At the same time that Chang became Wuhan first secretary, he was also identified as third secretary of the Hupeh Provincial Party Committee; he advanced to second secretary by March 1956 and then in October 1956 he was identified simply as secretary (although this was still the second-ranking post under First Secretary Wang Jen-chung). In March 1955 Chang had also become chairman of the Wuhan CPPCC Committee, but by this time he had assumed more important posts at the provincial level, and it appears that by the end of 1955 he was largely removed from Wuhan municipal affairs. He was reported in the press regularly in the mid-fifties, often in the company of the CCP’s top leaders, as when Li Fu-ch’un visited Wuhan in October 1957 and when Mao was there in April 1958.
In May 1958 Chang received his first national Party post when he was elected an alternate member of the Central Committee at the second session of the Eighth National Congress. A month later he was made a deputy leader of a group appointed to inspect production in Hupeh at the beginning of the period of the Great Leap Forward. In September 1959, after spending a decade in Hupeh, Chang was assigned to his native Hunan, where he succeeded Chou Hsiao- cou as first secretary of the Hunan Party Committee. Chou, probably a victim of the Great Leap, was removed front all his Hunan posts. Thus, Chang P’ing-hua succeeded Chou in December 1959 when the former was elected chairman of the Second Hunan Committee of the CPPCC, and by April 1960 he had also replaced Chou as political commissar of the Hunan Military District. Chang continued to make numerous appearances in Hunan as he had previously in Hupeh, speaking before provincial Party meetings, conducting inspections throughout the province, and engaging in similar duties that normally occupy the time of top provincial leaders. In September 1964 he became chairman of the Third Hunan Committee of the CPPCC and in the same month he was also elected as a member of the Hunan Provincial People’s Government Council. Chang spent most of his time in Hunan, but he made one important trip abroad in January 1963 when he went to East Germany to attend the Sixth Congress of the German Socialist Unity (Communist) Party. The Congress served as a platform for mutual denunciations between the Chinese and the Russians as part of the continuing Sino-Soviet ideological dispute (see under Wu Hsiu-ch’iian, the delegation leader).

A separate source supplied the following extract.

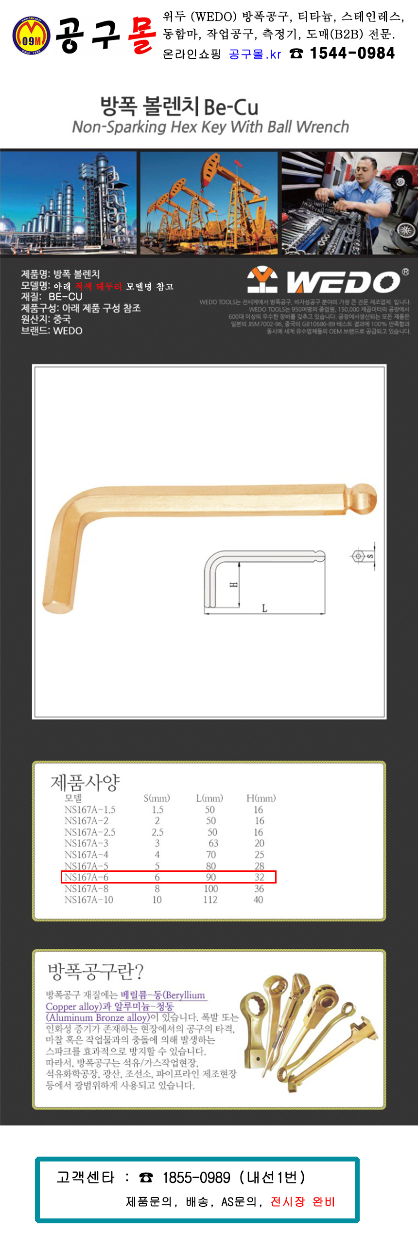 위두 방폭볼렌치(L형) BE-CU 6mm (NS167A-6) WEDO, 공구몰, 방폭수공구, 작업공구, 800564254822

In February 1950 the Communists established the Central-South Military and Administrative Committee (CSMAC), the body that administered Honan, Hupeh, Hunan, Kiangsi, Kwangsi, and Kwangtung from 1950 to 1954. Although Chang was not named as one of the original members of the CSMAC, he was added to membership in March 1950, and at the same time he was also appointed as a member of the CSMAC’s Finance and Economics Committee. Four months later he was named to membership on the Wuhan Government’s Finance and Economics Committee, and then in September of the same year he succeeded Wu Te-feng as the chairman.